**INFORMATION PROVIDED**
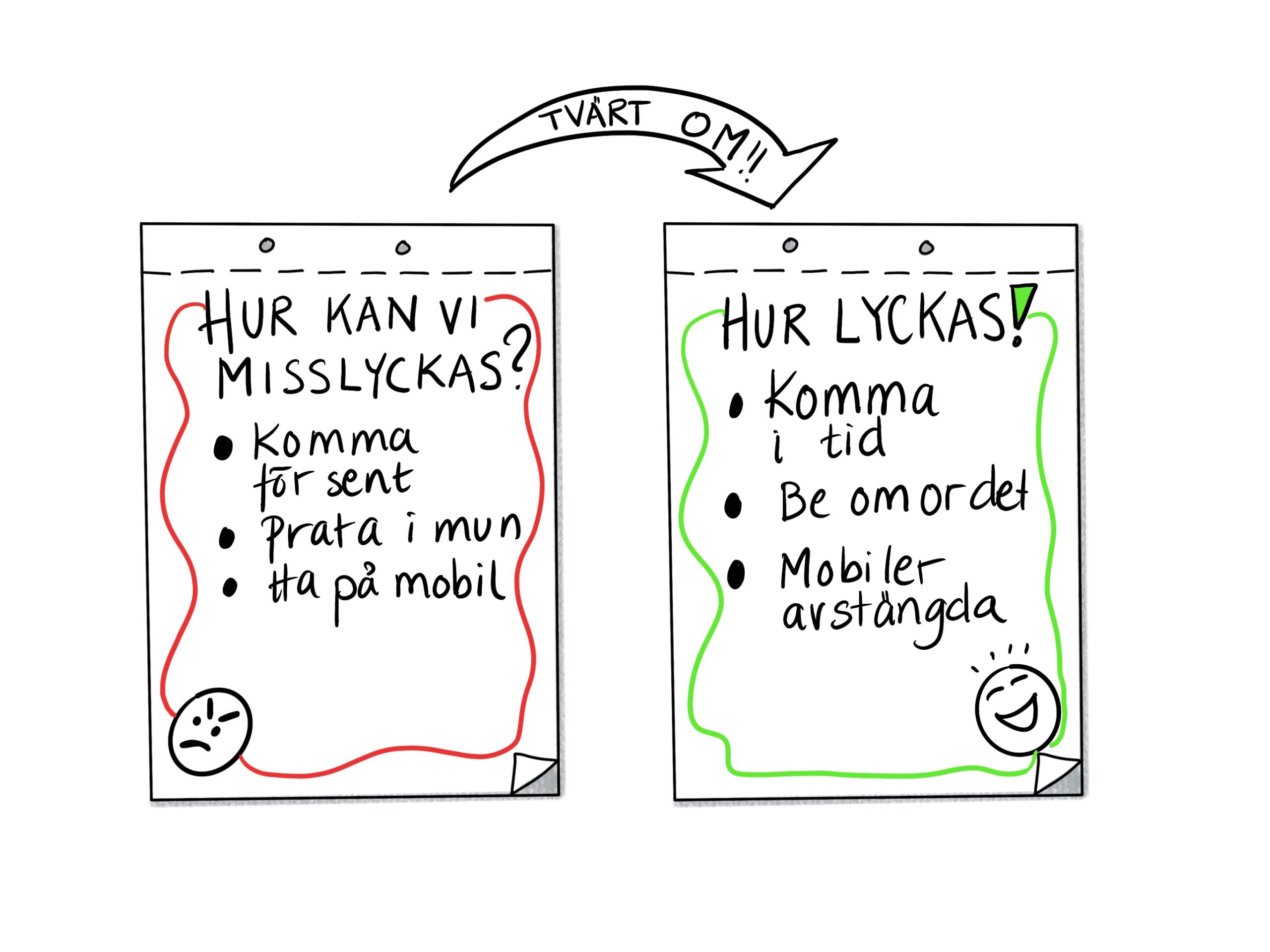 - Berätta att ni nu ska vara kreativa och tillsammans hitta hur ni verkligen kan misslyckas. Alla förslag är tillåtna!
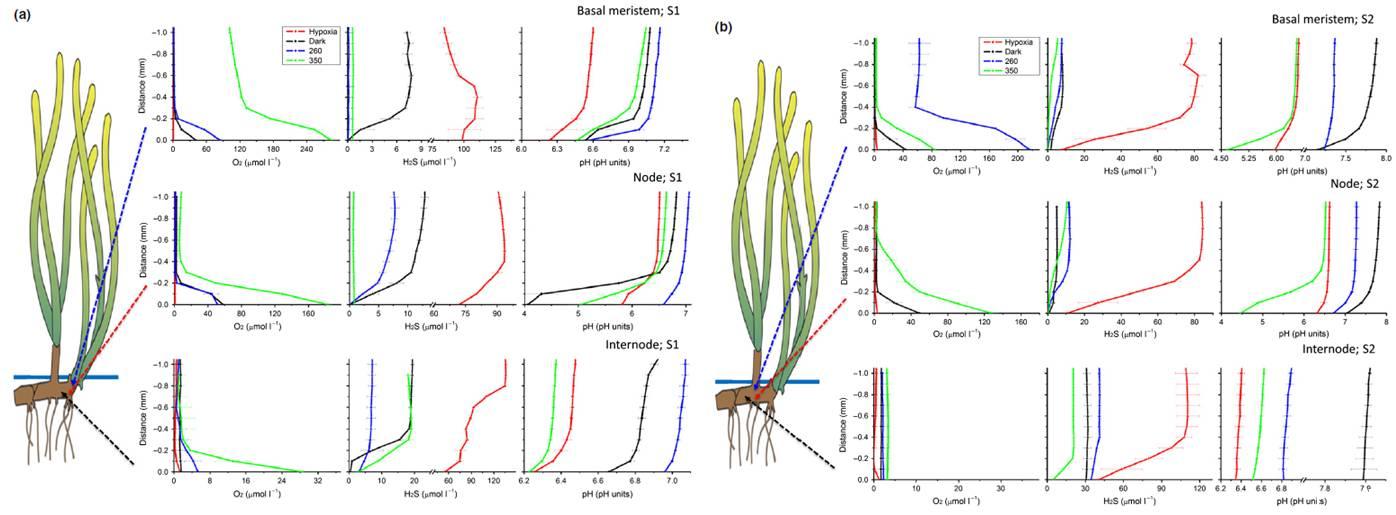 圖2、應(yīng)用Unisense微電極測(cè)試的大葉藻根際區(qū)域不同組織區(qū)域(葉鞘的基底分生組織區(qū)域、根的結(jié)點(diǎn)區(qū)域、根的間區(qū)域)的氧氣濃度、pH、硫化氫的剖面圖。其中t圖a和圖b分布表示的是所取的兩組不同根際區(qū)域。其中圖a,b中的四種不同顏色的線分布表示的是紅色線(低氧狀態(tài)下)、黑色線(無(wú)光照條件)、藍(lán)色線(使用了波長(zhǎng)為260nm的紫外光線光照)、綠色線(波長(zhǎng)為350n的紫外光線光照)。從圖中可以看出,在低氧狀態(tài)下的根據(jù)組織區(qū)域的各位區(qū)域中的氧氣濃度都很低,而在無(wú)光照條件、使用波長(zhǎng)為260n、350nm的紫外線的條件下,根際組織區(qū)域部分的氧氣濃度越靠近根際的表層,其氧氣濃度越大,而對(duì)于硫化氫來(lái)說(shuō),根據(jù)的表層的硫化氫濃度較低,根際底部區(qū)域的硫化氫濃度較大。而pH則是靠近根際表層區(qū)域的pHj較小,遠(yuǎn)離根際的底部的pH值較大。
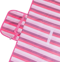 Светлият цвят и декорациите ще ви помогнат лесно да откриете зоната си за отдих, а благодарение на практичната дръжка лесно ще го пренесете от колата до плажа. Освен това одеялото е сгъваемо и не заема много място, когато не го използвате.
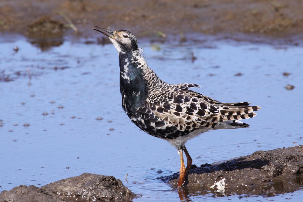 Beskrivelse: Jeg har kun hørt brushanens stemme nogle få gange, når jeg har været helt tæt på. Det er et ganske svagt "Rep-rep" eller noget i den retning.
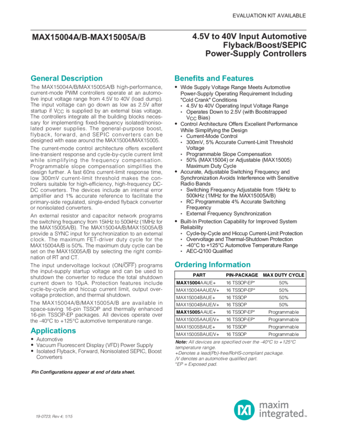MAX15004, MAX15005 4.5V to 40V Input Automotive Flyback/Boost/SEPIC Power-Supply Controllers
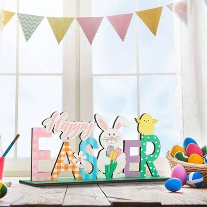 1 Piece Of Easter Wooden Decoration, Charming Easter Bunny And Chick Wooden Tabletop Ornament - Colorful "Happy Easter" Letter Decoration With Banner And Eggs, Perfect For Spring Celebrations, Easter Party Decorations, Bunny Accessories, And A Perfect Easter Gift - Multicolor - View 1
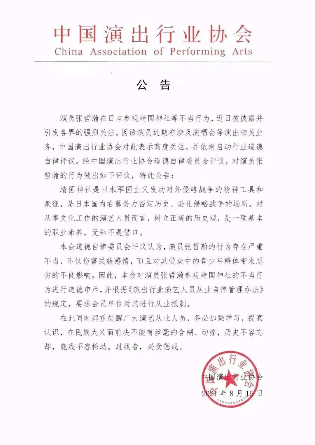 中国演出行业协会要求会员单位对张哲瀚进行从业抵制
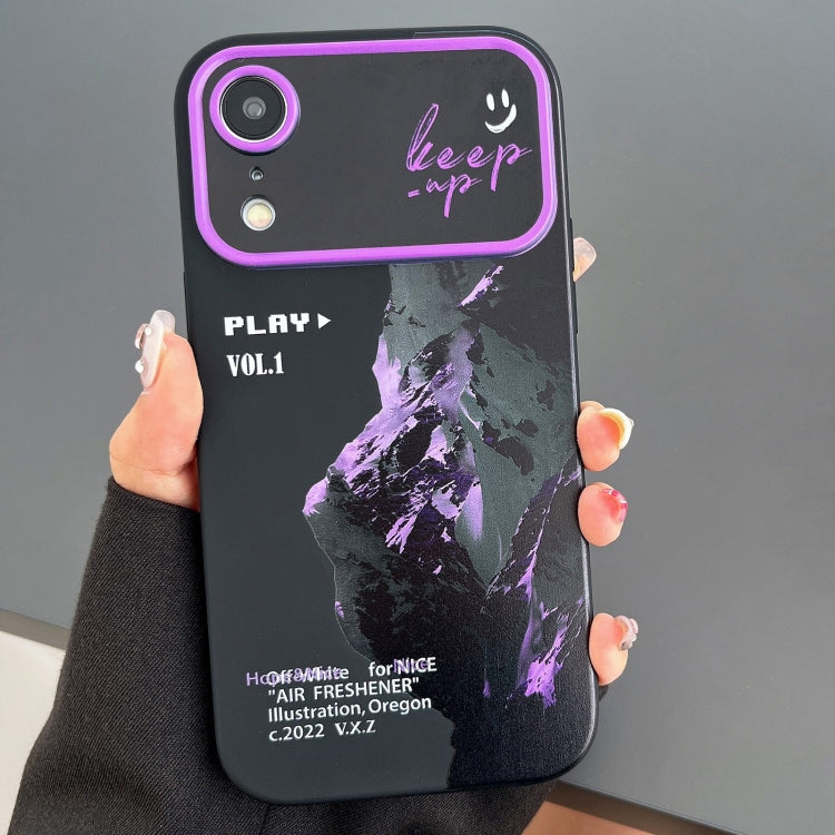 Funda para Teléfono TPU iPhone Xr con Ventana Grande y Patrón Montaña Nevada (Púrpura)
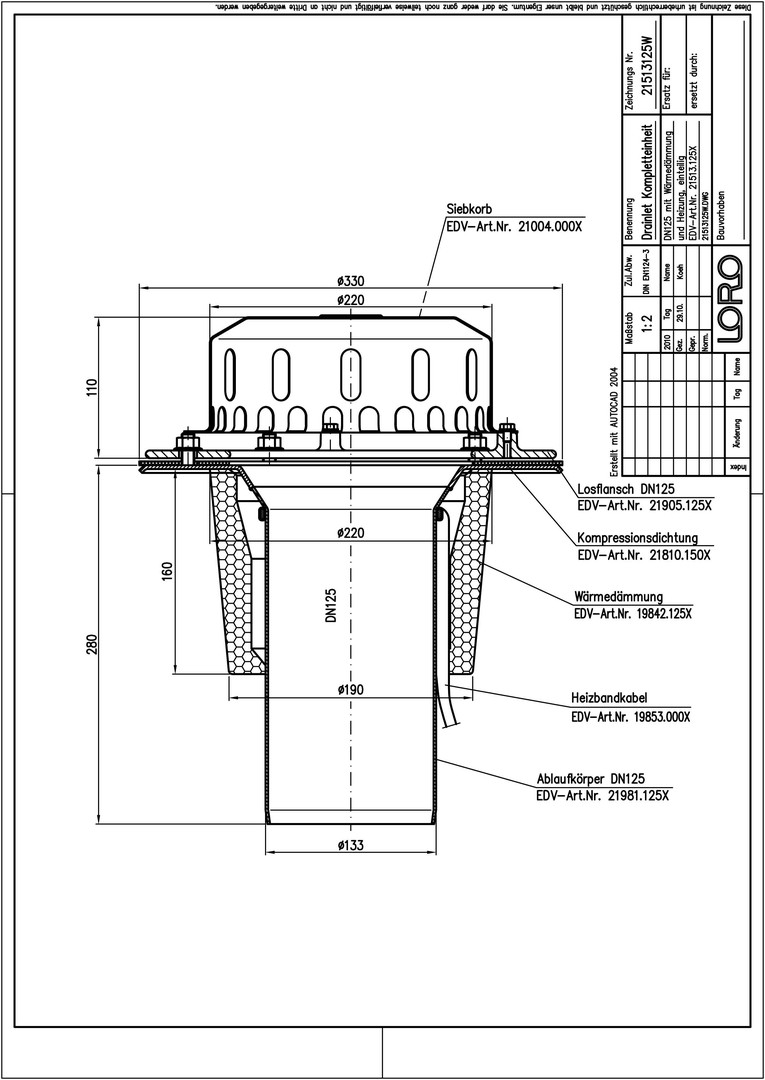 LORO DRAINLET Komplett-Flachdachablauf Serie 84 DN 125, Wärmedämmung und Heizung, Klemmflansch, Auslauf senkrecht, einteilig, Hauptentwässerung

**WHAT THE EXERCISE ASKS**
The reply should hold the lines from the top of the records through the line containing "Beskrivelse: Jeg har", reproduced exactly, and no pictures.

**TASK RESPONSE**
 - Berätta att ni nu ska vara kreativa och tillsammans hitta hur ni verkligen kan misslyckas. Alla förslag är tillåtna!
 圖2、應(yīng)用Unisense微電極測(cè)試的大葉藻根際區(qū)域不同組織區(qū)域(葉鞘的基底分生組織區(qū)域、根的結(jié)點(diǎn)區(qū)域、根的間區(qū)域)的氧氣濃度、pH、硫化氫的剖面圖。其中t圖a和圖b分布表示的是所取的兩組不同根際區(qū)域。其中圖a,b中的四種不同顏色的線分布表示的是紅色線(低氧狀態(tài)下)、黑色線(無(wú)光照條件)、藍(lán)色線(使用了波長(zhǎng)為260nm的紫外光線光照)、綠色線(波長(zhǎng)為350n的紫外光線光照)。從圖中可以看出,在低氧狀態(tài)下的根據(jù)組織區(qū)域的各位區(qū)域中的氧氣濃度都很低,而在無(wú)光照條件、使用波長(zhǎng)為260n、350nm的紫外線的條件下,根際組織區(qū)域部分的氧氣濃度越靠近根際的表層,其氧氣濃度越大,而對(duì)于硫化氫來(lái)說(shuō),根據(jù)的表層的硫化氫濃度較低,根際底部區(qū)域的硫化氫濃度較大。而pH則是靠近根際表層區(qū)域的pHj較小,遠(yuǎn)離根際的底部的pH值較大。
 Светлият цвят и декорациите ще ви помогнат лесно да откриете зоната си за отдих, а благодарение на практичната дръжка лесно ще го пренесете от колата до плажа. Освен това одеялото е сгъваемо и не заема много място, когато не го използвате.
 Beskrivelse: Jeg har kun hørt brushanens stemme nogle få gange, når jeg har været helt tæt på. Det er et ganske svagt "Rep-rep" eller noget i den retning.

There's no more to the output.